Characterization of Double-Strand Break Repair Protein Ku80 Location Within the Murine Retina

PURPOSE: To characterize the spatial distribution of the DNA-double strand break-repair protein Ku80 in the murine retina. Even though robust data exist on the complexity of DNA repair mechanisms in dividing cells in vitro, almost nothing is known about it in post-mitotic neurons or photoreceptors (PRs). This knowledge is an important prerequisite for in vivo therapeutic approaches by genome editing in retina and PRs. Recently, it was shown that mouse rod PRs are incapable of repairing double-strand breaks induced by radiation. MATERIAL AND METHODS: Retinae from wild-type, rd10, and RPGR-KI mouse lines were obtained and stained with antibodies against Ku80, and cellular markers CtBP2, beta-Dystropglycan, Lamin B, and peanut agglutinin. Organotypic explant cultures were generated and maintained for up to 10 days.
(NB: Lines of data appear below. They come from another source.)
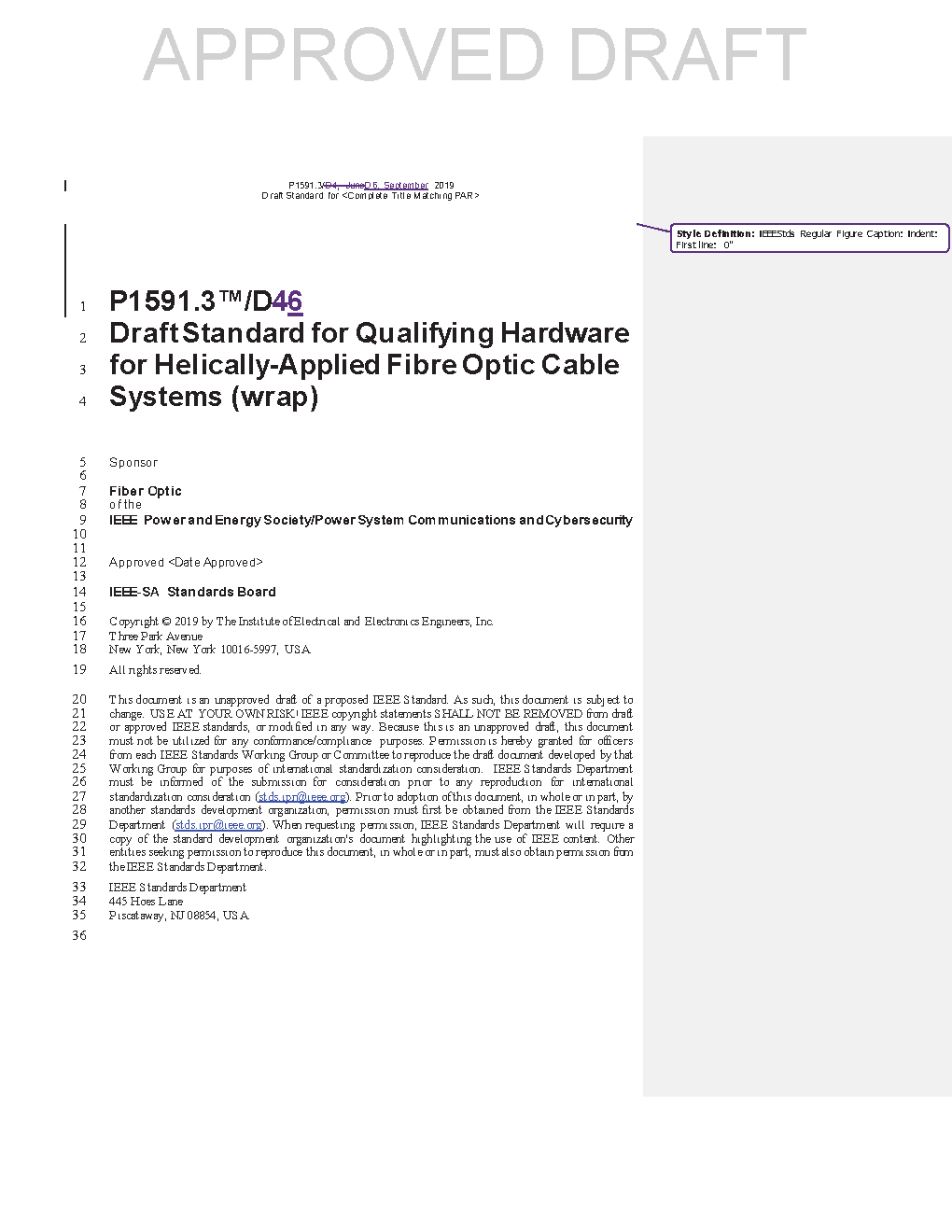 This standard covers hardware for use with all-dielectric fiber optic (WRAP) cable designed to be helically wrapped around a conductor or other messenger on overhead power facilities. This covers mechanical, and electrical performance, test requirements, environmental considerations, and acceptance criteria for qualification of the hardware.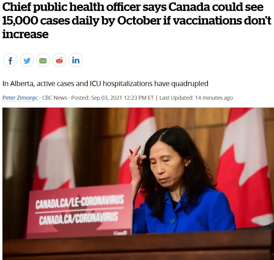 今天,加拿大首席衞生官譚詠詩剛剛公佈了最新的疫情數據模型,如果疫苗接種率不能迅速增加,新的限制措施也沒有出台的話,到9月底10月初,每天的新增病例將多達15000例。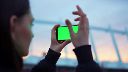 mobile phone with green chroma key on touch screen in woman hands.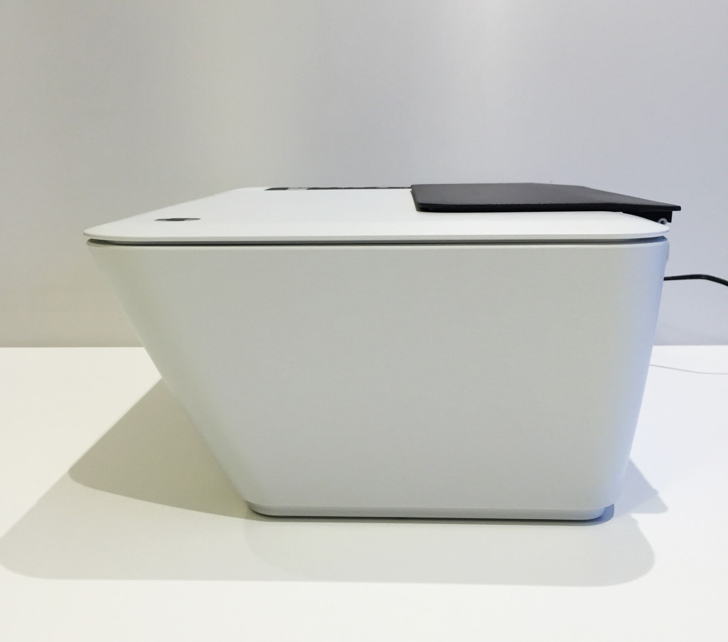 The printer dimensions are a nice, concise 42.5 x 55.2 x 25.2cm at its widest point and is narrower at the base. It weighs an impressively light 3.6kg and is available in either white or silver.
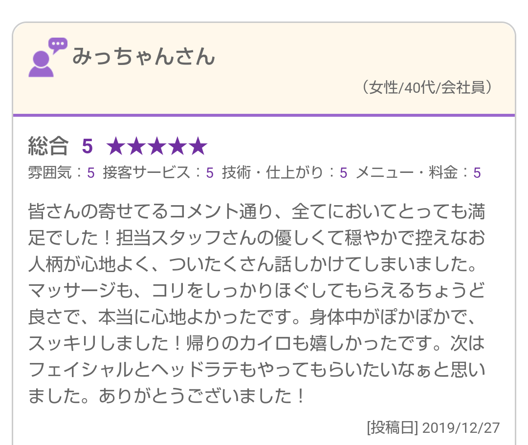 マッサージも、コリをしっかりほぐしてもらえるちょうど良さで、本当に心地よかったです。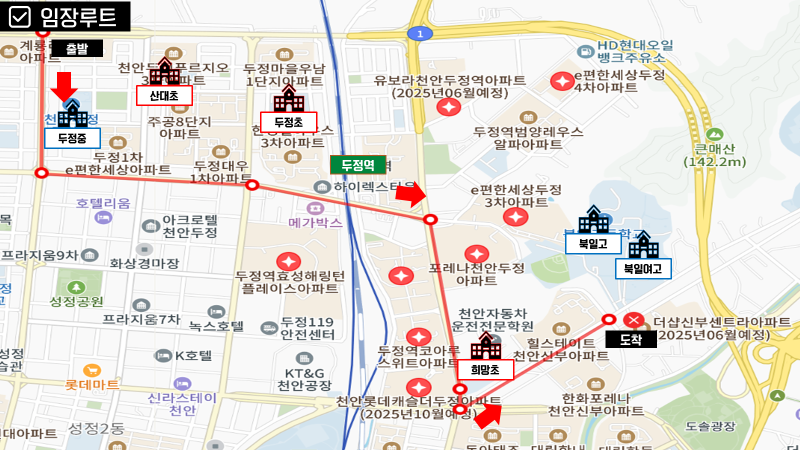 ▶ 상권 지구를 벗어나면 두정역과 주거 단지들이 있습니다. 또한 이 생활권 주변에 신축 단지들이 많이 들어올 예정입니다. 이런 변화들로 생활 환경이 개선될 수 있습니다.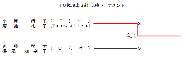 | 小原 清子 (フリー) 菊池 礼子 (Team Alice) | ○ 21-15 21-12 | ○ 21-16 14-21 21-10 | ○ 21-11 21-14 | 1 |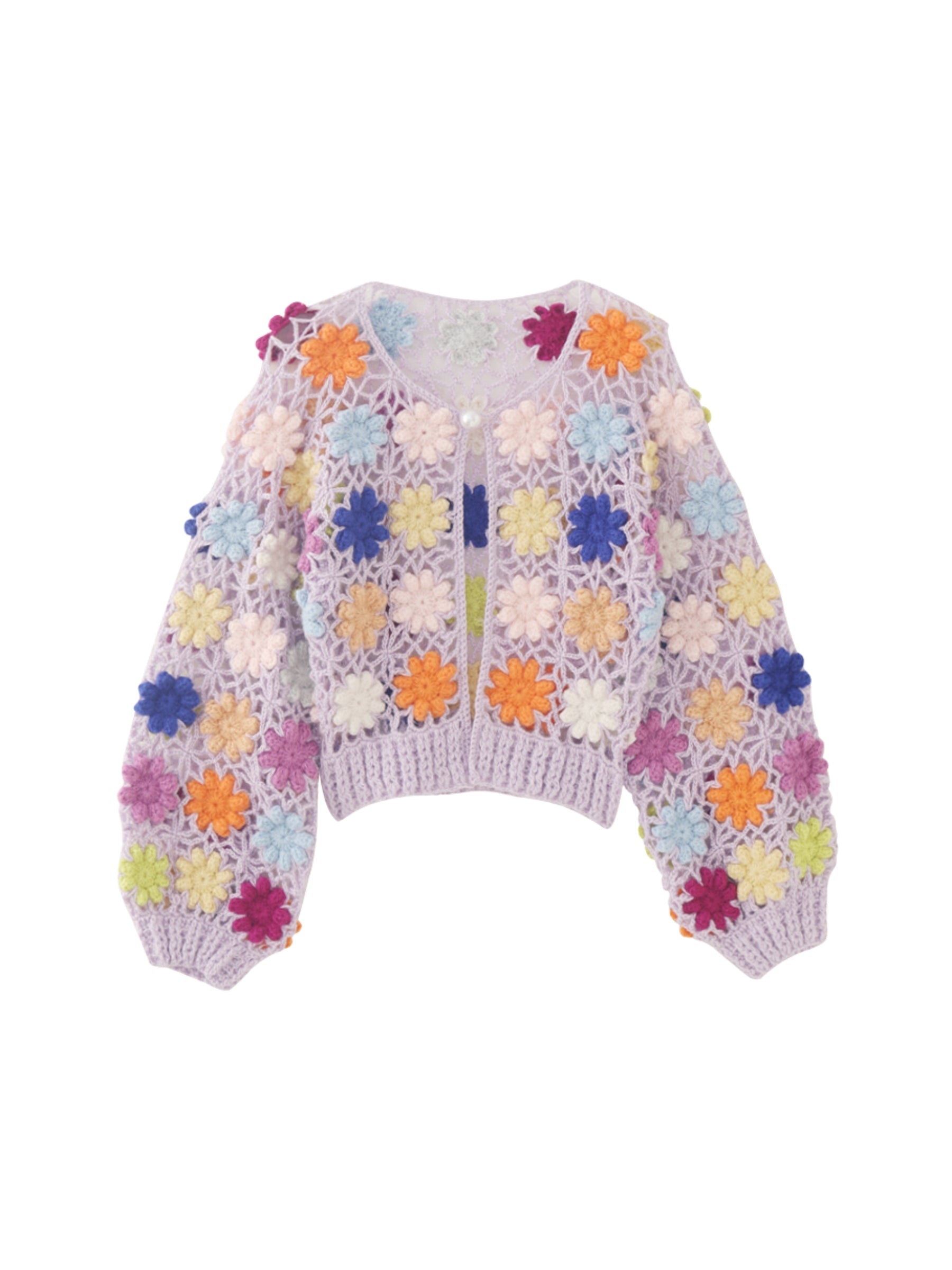 Take your style up a notch with the Wivona Crochet Cardigan. This handmade crochet design features vibrant multi-color floral embellishments and a lightweight. breathable fabric. Stand out with the button-up front and pearl accents. available in black and lavender. Perfect for layering in cooler weather from the Izosu Winter Collection.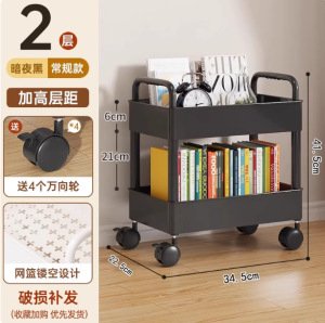 【移动轻】2层-黑.(双扶手+万向轮)★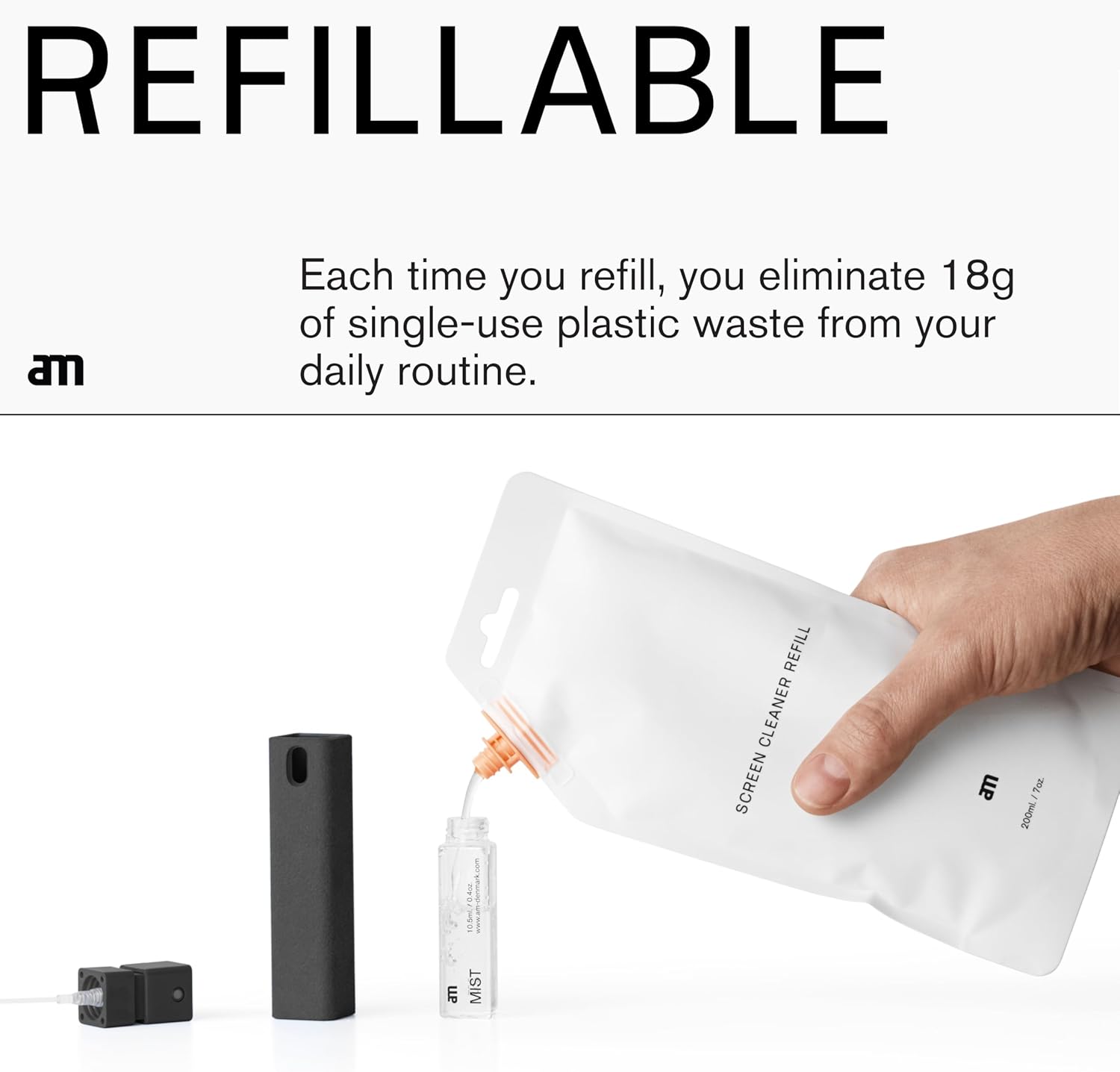 - π± REUSABLE & ECO-FRIENDLY β Skip the waste. This mist spray cleaner is refillable and reusable, supporting sustainable screen care without compromise.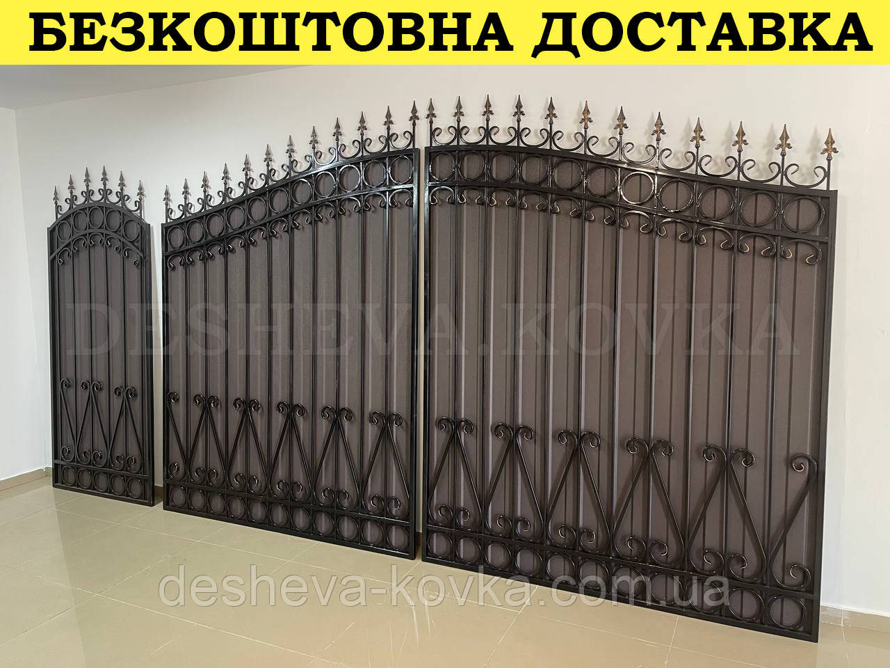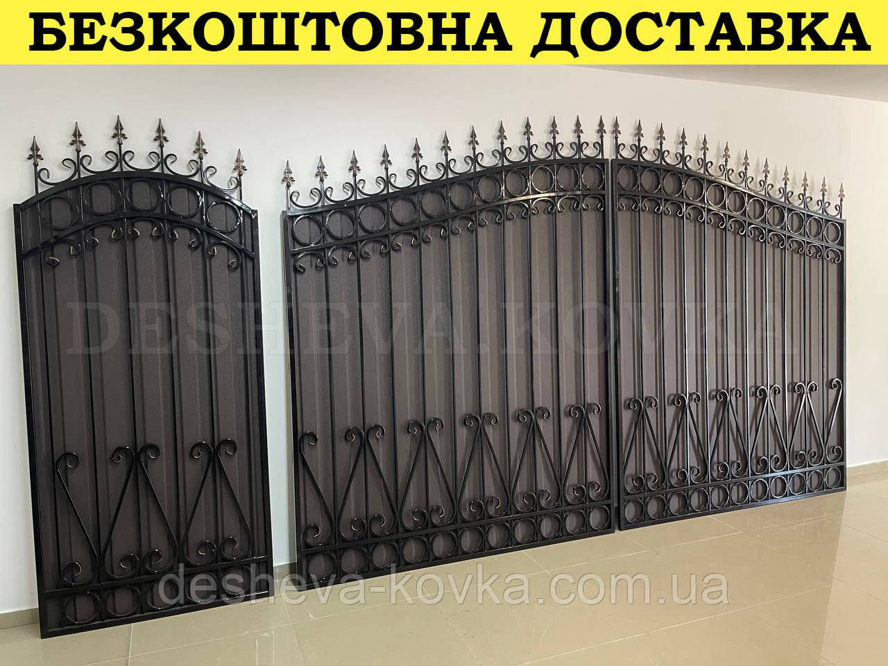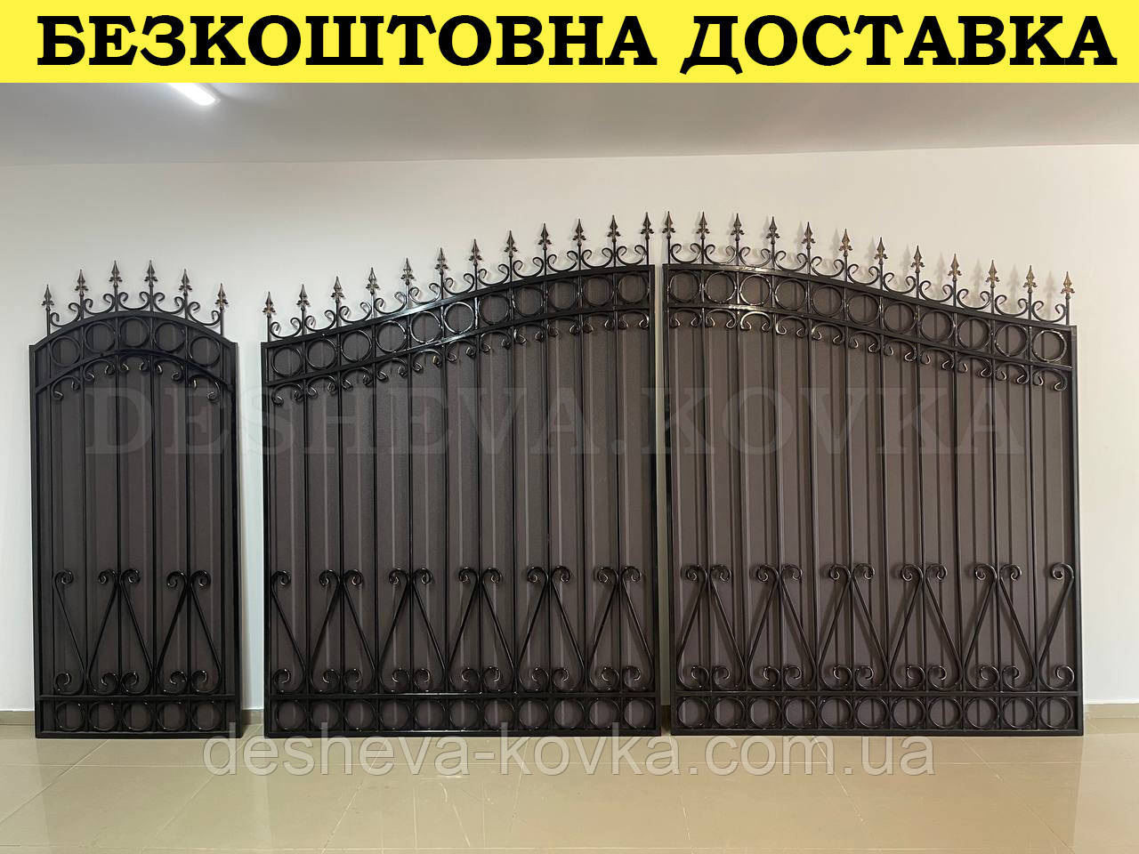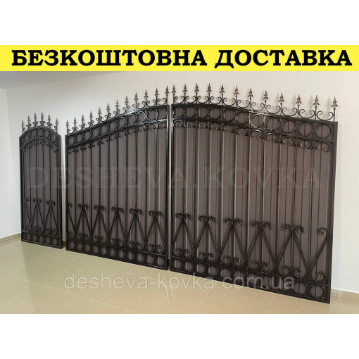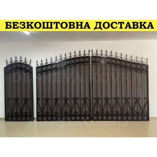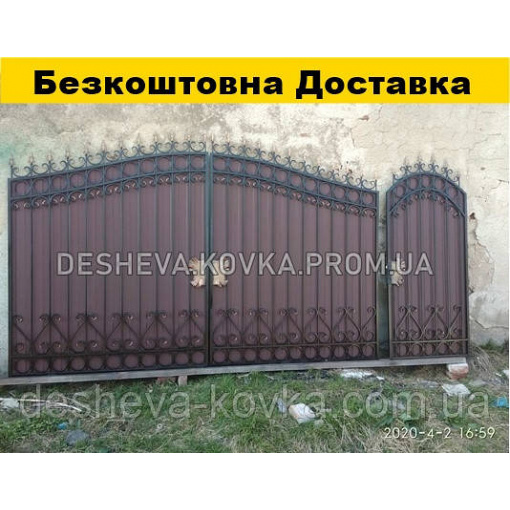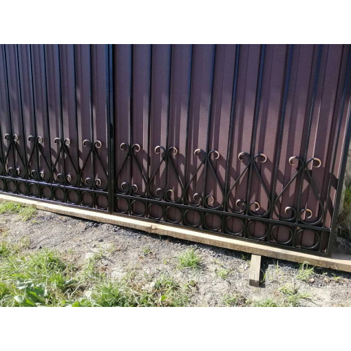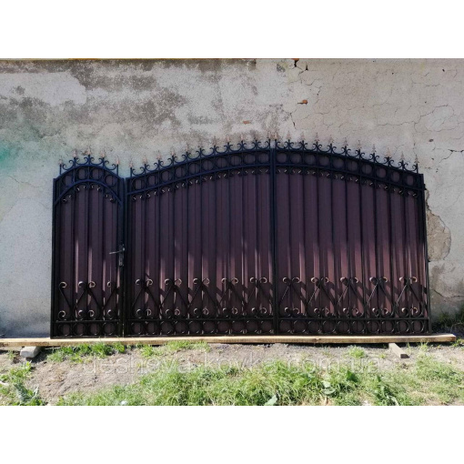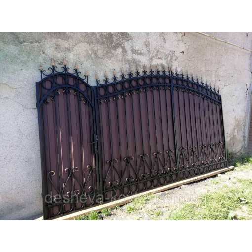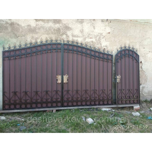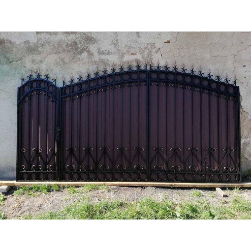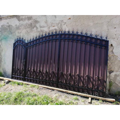 Кованые ворота из профнастилом и калиткой Код: А-01148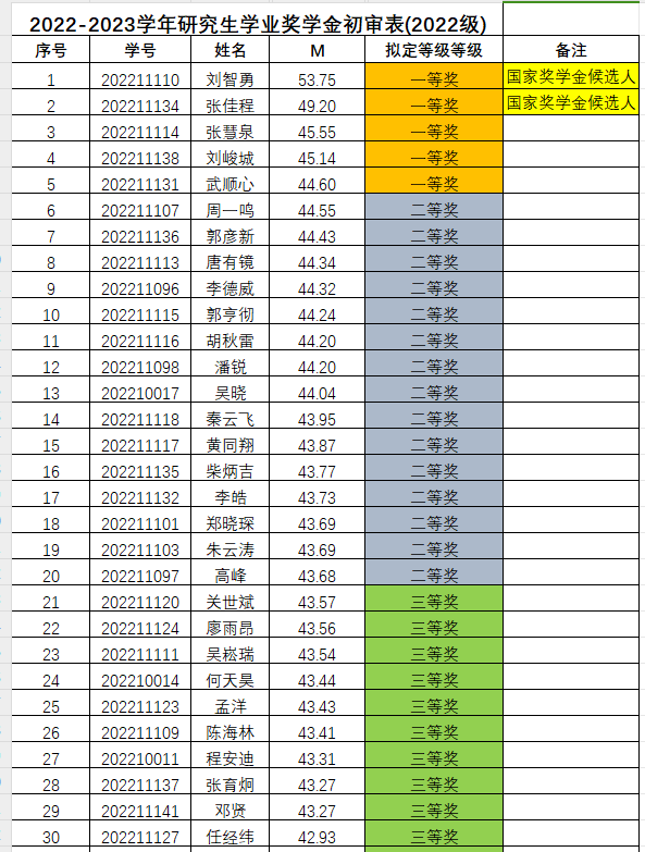 2022-2023学年研究生学业奖学金评审结果公示(2022级)

Laser microdissection was performed to obtain photoreceptor nuclei, and Ku80 expression was compared to whole retina by real-time PCR (RT-PCR). RESULTS: Strong Ku80 immunoreactivity was observed in rod but not cone photoreceptor terminals localized in the outer plexiform layer of the retina in all three mouse lines. During retinal explant culture, we observed that Ku80-positive globules translocate into the heterochromatin region of nuclei in the outer nuclear layer (ONL). By quantitative PCR, we showed upregulation of relative Ku80 expression in the ONL during wild-type retinal explant culture. DISCUSSION: The unexpected localization of Ku80 to murine rod terminals indicates another tissue-specific modification to the canonical DNA repair mechanisms and warrants further investigation.